■ **What the task requires**
Find "拓展词汇:1. various; variety" in the entries below; copy that line through the last, exactly, with no pictures.

** Opening Stored data block **

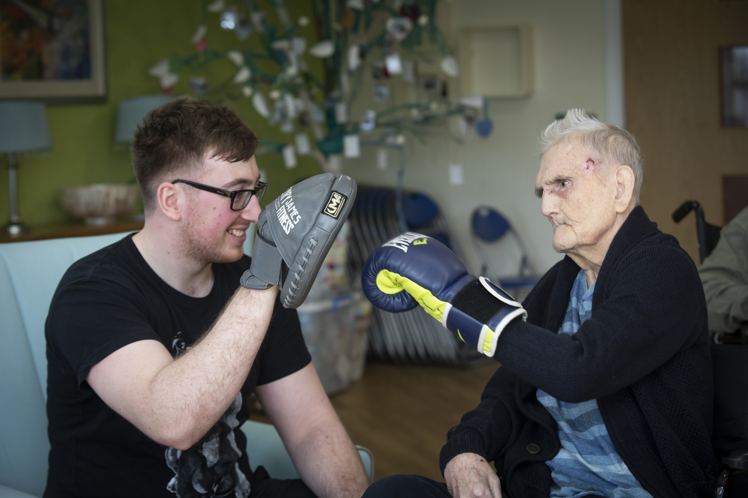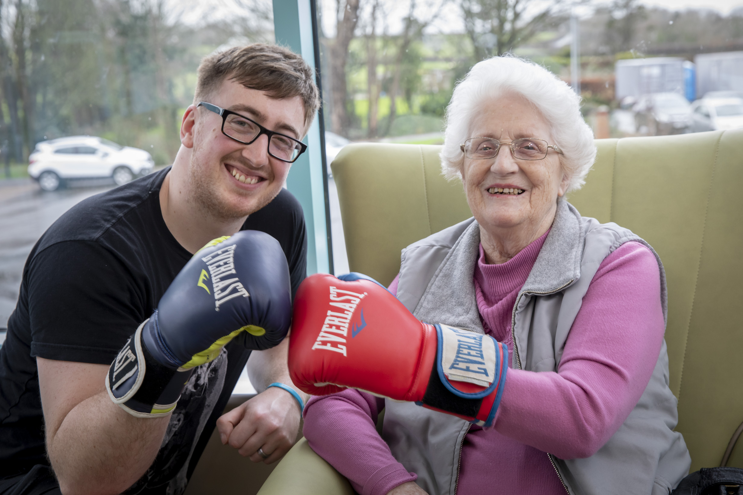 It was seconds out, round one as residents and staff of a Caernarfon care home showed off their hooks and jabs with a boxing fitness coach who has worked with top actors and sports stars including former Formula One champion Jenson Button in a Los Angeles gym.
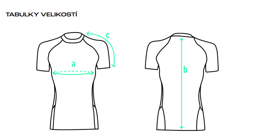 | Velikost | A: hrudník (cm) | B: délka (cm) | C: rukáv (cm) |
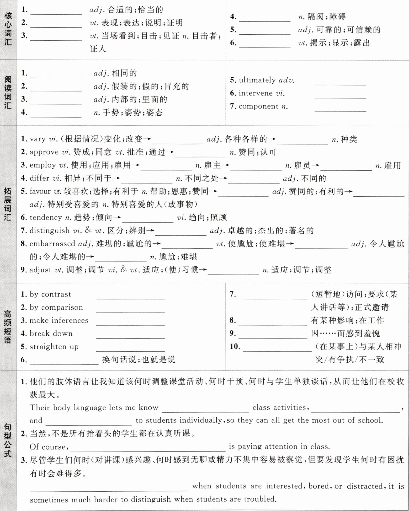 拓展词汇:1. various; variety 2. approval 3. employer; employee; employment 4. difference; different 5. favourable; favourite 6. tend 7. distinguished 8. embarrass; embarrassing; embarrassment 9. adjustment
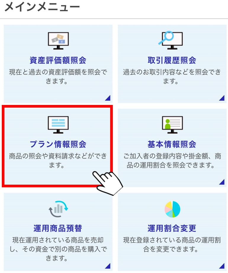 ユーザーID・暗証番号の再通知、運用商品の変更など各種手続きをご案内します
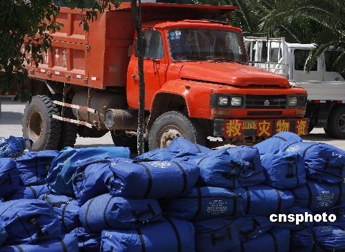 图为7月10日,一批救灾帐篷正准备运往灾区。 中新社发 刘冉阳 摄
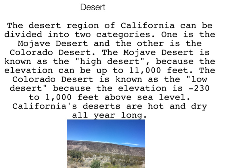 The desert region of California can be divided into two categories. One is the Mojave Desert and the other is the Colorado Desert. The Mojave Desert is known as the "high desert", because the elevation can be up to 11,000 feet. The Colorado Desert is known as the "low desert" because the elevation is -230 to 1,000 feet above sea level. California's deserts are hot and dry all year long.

** Closing Stored data block **

■ **Expected answer**
 拓展词汇:1. various; variety 2. approval 3. employer; employee; employment 4. difference; different 5. favourable; favourite 6. tend 7. distinguished 8. embarrass; embarrassing; embarrassment 9. adjustment
 ユーザーID・暗証番号の再通知、運用商品の変更など各種手続きをご案内します
 图为7月10日,一批救灾帐篷正准备运往灾区。 中新社发 刘冉阳 摄
 The desert region of California can be divided into two categories. One is the Mojave Desert and the other is the Colorado Desert. The Mojave Desert is known as the "high desert", because the elevation can be up to 11,000 feet. The Colorado Desert is known as the "low desert" because the elevation is -230 to 1,000 feet above sea level. California's deserts are hot and dry all year long.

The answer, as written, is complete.